そう苦笑いで豪臣が言うと、村長は、そうか、と頷き説明してくれる。

「まずは、曹操じゃな。隣の郡の陳留で刺史をしておる。公明正大で素晴らしい方じゃと聞いてはおるが、まだ、3000程の兵しか集まって居らん弱小じゃ。

 次に、董卓。涼州東部の者じゃな。かなり優秀な部下も居る様じゃが、こちらも、まだまだ弱小よ」

(刺史・・・ああ!後の州牧か。曹操って州牧の経験あったっけ?・・・ま、いいか)

「ありがとうございました。この情報は有効に使わせて頂きます」

「うむ。そうしてくれ」

礼を言われた村長は、実に満足そうだった。

【回想・終】

 

意識を今に戻し

(さて、これから何処へ行こうかなぁ)

考えながら煙管を吸った瞬間

 

「あらぁ~ん?吸い過ぎは体に毒よ、豪臣ちゃん!」

 

いきなり、大きな人影が現れた。

 

 

その姿を見た瞬間

「ブッ!げほっげほっ!ぐ、げほっ!」

と、豪臣は咽ながら驚く。

(な!・・・殺気が無かったとはいえ、この俺が気づけなかった?)

そう思い影を見上げると

「・・・・・・」

豪臣は、あまりの光景に呆けてしまった。

「あら~?私のこと見詰めちゃって、どうしたのか・し・ら?」

大きな人影、もとい、大きな男が豪臣の前に立ち言う。

頭はツルツルで、長いもみあげを三つ網にしている。顎には髭があり、唇には紅が塗られている。体格は筋骨隆々で、何故か女物の紐パンだけを着用。体をクネクネさせながらのお姉言葉。立派な変人で変態だった。

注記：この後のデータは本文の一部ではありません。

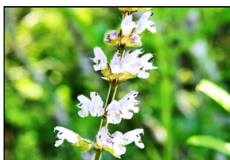
アキノタムラソウ (シソ科)
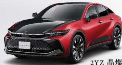
2YZ 晶燦紅 / 雙色
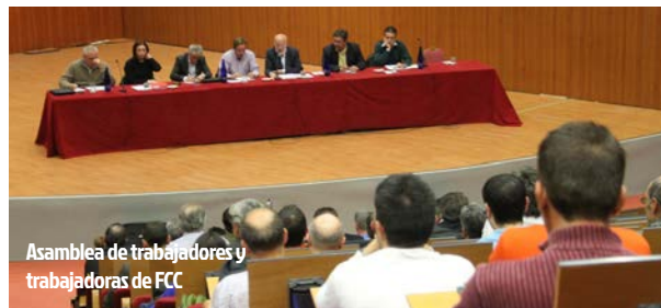
Asamblea de trabajadores y trabajadoras de FCC

El pasado miércoles, 20 de noviembre, comenzaron las primeras movilizaciones contra el ERE que acabará con más de 1.200 empleos. La Federación de Construcción y Madera de CCOO de Madrid (FECOMA-CCOO de Madrid) apoya incondicionalmente las movilizaciones llevadas a cabo por la plantilla de FCC Construcción.

「なになに?私のあまりの美しさに驚いているのかしらぁ?」

「ああ、(あまりの気持ち悪さに)驚いている」

豪臣は思っても言わない。命が惜しいから。

「そお?そう思う?嬉しいわ!」

「うお!やめろ!」

いきなり抱きついてきた男の腕を、無様に転がって避ける。

「ったく!なんなんだ、お前は?」

「私?私の名は貂蝉!しがない踊り子よ~」

クネクネしながら答える。踊っているつもりらしい。

しかし、次の声で踊りは止まった。

「・・・嘘ですね。あなたは仙人、若しくはそれに近いモノです」

「!本当か朔夜?」

「・・・・・・」

その声の主は、先程からずっと黙っていた朔夜だった。

「はい。この者からは、仙気らしきモノを感じます」

そう断言する朔夜。豪臣は身体に気を込める。

しかし、貂蝉はニコッと笑い

「そんなに慌てないで。私は陳ちゃんの友達よ、ト・モ・ダ・チ!」

そう言ってウィンクしてくる貂蝉。

「・・・なんて(気持の悪い)ことをするんでしょう。この男は」

朔夜も言わない。気持ち悪いから。

「あら、私は男じゃないわ。・・・漢女(おとめ)よ!」

朔夜の悪態に、クネクネしながら答える。

 

(爺、友達は選べよ)

 

貂蝉のクネクネを無視し、豪臣は尋ねる。

「で、その友達が、弟子に何の用だ?」

そう尋ねると、急に真面目な顔をした。

「ああ、それはね。“試練”のことよ」

「「!!」」

「“試練”のこと、か?」

「ええ、そうよ。“試練”の開始は約10ヶ月後になるわ。何をどうするかは、管路の占いに従いなさい」

そう言われ、豪臣は村長に教わったことを思い出す。

(俺に、天の御遣いになれと?)

「それまでは、いろいろ行動してみるといいわ。“この世界”のことをもっと知るといいわ。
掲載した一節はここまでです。